Aussi Shakspeare fut économe. Son histoire privée est surtout celle de ses heureux placemens et de ses bonnes opérations. L’argent ne lui manqua pas. Southampton avait payé, dit-on, 1,000 livres sterling la dédicace d’Adonis et de Lucrèce. L’usage de l’aristocratie a souvent été d’encourager les lettres et d’aider les auteurs ; mais rarement ou trouve la preuve d’un don aussi magnifique. Il honore la noblesse anglaise et explique cet esprit aristocratique que l’on retrouve dans toutes les œuvres de Shakspeare et qui choque si fort, les critiques américains.

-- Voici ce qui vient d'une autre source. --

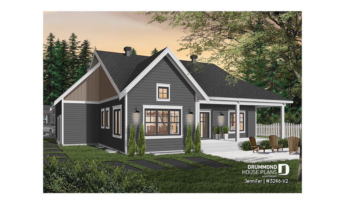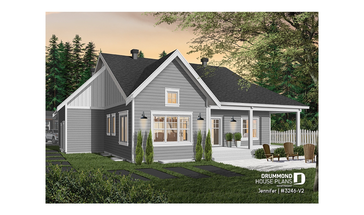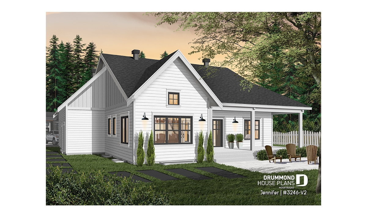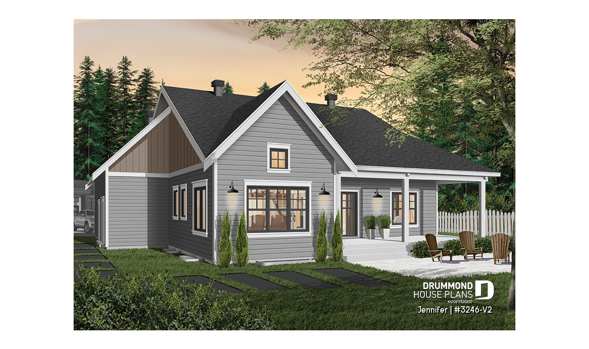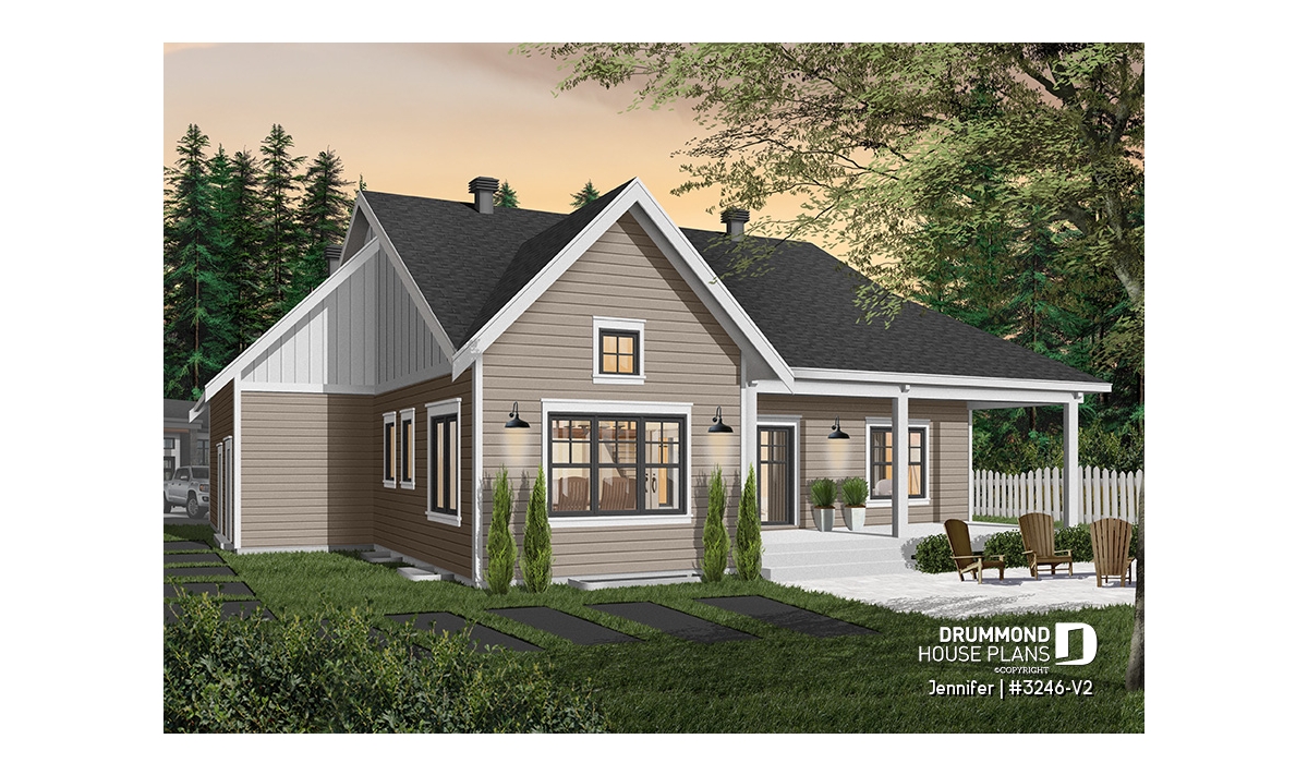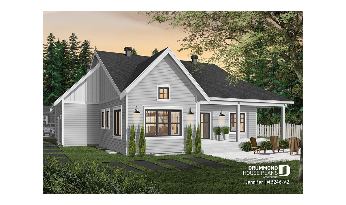 This country style house of one-story with double garage (plan 3246-V2, also named "Jennifer") suggests several most distinctive and interesting elements. The different options of exterior materials and colors suggested for this new house plan are very trendy this year: a touch of stone in the lower part, a partial steel roof and the exterior siding that is suggested horizontally as well as vertically. It should be noted that this house offers much brightness and light due to its large number of fitted windows (see the floor plan for better visualization).

Dès lors aussi, les drames avaient une valeur marchande. Les libraires cherchaient à s’en assurer la propriété en les faisant enregistrer à la Stationer’s Company. En effet, les lois étaient si mal fixées sur la propriété littéraire, que les éditions de contrefaçon abondaient, et qu’un auteur n’avait nulle arme pour s’en défendre. Les directeurs de théâtre étaient d’ailleurs très peu enclins à laisser imprimer les pièces avant que le succès en fût usé ; car elles tombaient alors dans le domaine public, et la première troupe venue pouvait s’en emparer. Mais les pirates littéraires prenaient fréquemment les devans, et, sur des notes prises maladroitement à la représentation, publiaient, à grand bruit, le drame à la mode. Ils ne se gênaient même pas pour attribuer à l’auteur en renom telle ou telle production inférieure où il n’était pour rien. Cette mésaventure arriva plusieurs fois à Shakspeare. Ce sont des preuves de la vogue de ses pièces, et, par conséquent de sa gloire et de sa fortune croissantes.

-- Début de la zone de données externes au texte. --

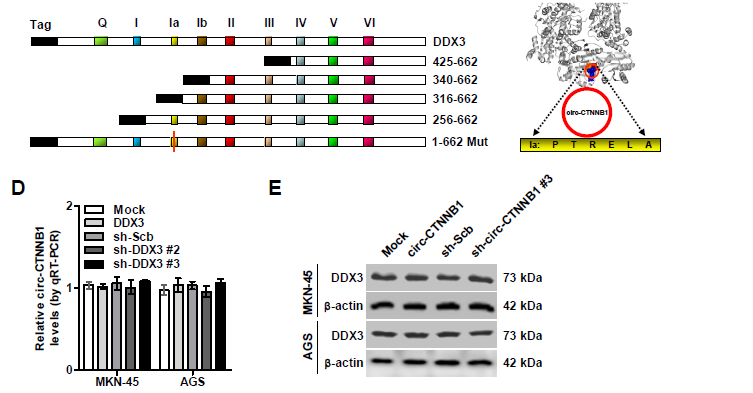5. circ-CTNNB1与DDX3相互结合是否可以调控β-catenin的表达和活性?过表达circ-CTNNB1促进β-catenin蛋白表达的效应,会被DDX3敲低或者DDX3抑制剂RK-33部分抵消。同样地,过表达或者敲低circ-CTNNB1表达促进或者抑制β-catenin活性的效应,也会被RK-33处理或者DDX3过表达所部分抵消。构建不同截短体的DDX3进行体外结合试验,证明了DDX3蛋白的256-315氨基酸(主要是Ia区域的274-279aa)对于circ-CTNNB1的结合是至关重要的。有趣的是,circ-CTNNB1与DDX3两者的表达并不会相互影响。

À ce moment heureux de sa vie, une douleur cruelle le frappa ; son fils unique Hamnet mourut et fut enterre à Stratford, le 11 août 1596. Il est impossible de douter que Shakspeare fut frappé au cœur, et, pour une fois, on peut bien voir l’expression d’un sentiment personnel dans ces paroles touchantes, écrites vers le même moment : « On dit qu’au ciel nous verrons et nous connaîtrons nos amis. Si cela est vrai, je verrai encore mon petit enfant… Ma douleur remplit la chambre de mon enfant absent, dort dans son lit, va et vient avec moi ; elle prend ses jolis regards, redit ses paroles, me rappelle toutes ses grâces ; elle remet ses formes dans ses vêtemens vides. Aussi j’ai bien raison, d’aimer ma douleur[1]. »

Il semble, à partir de cette douloureuse année, que Shakspeare

  1. King John (publié en 1598).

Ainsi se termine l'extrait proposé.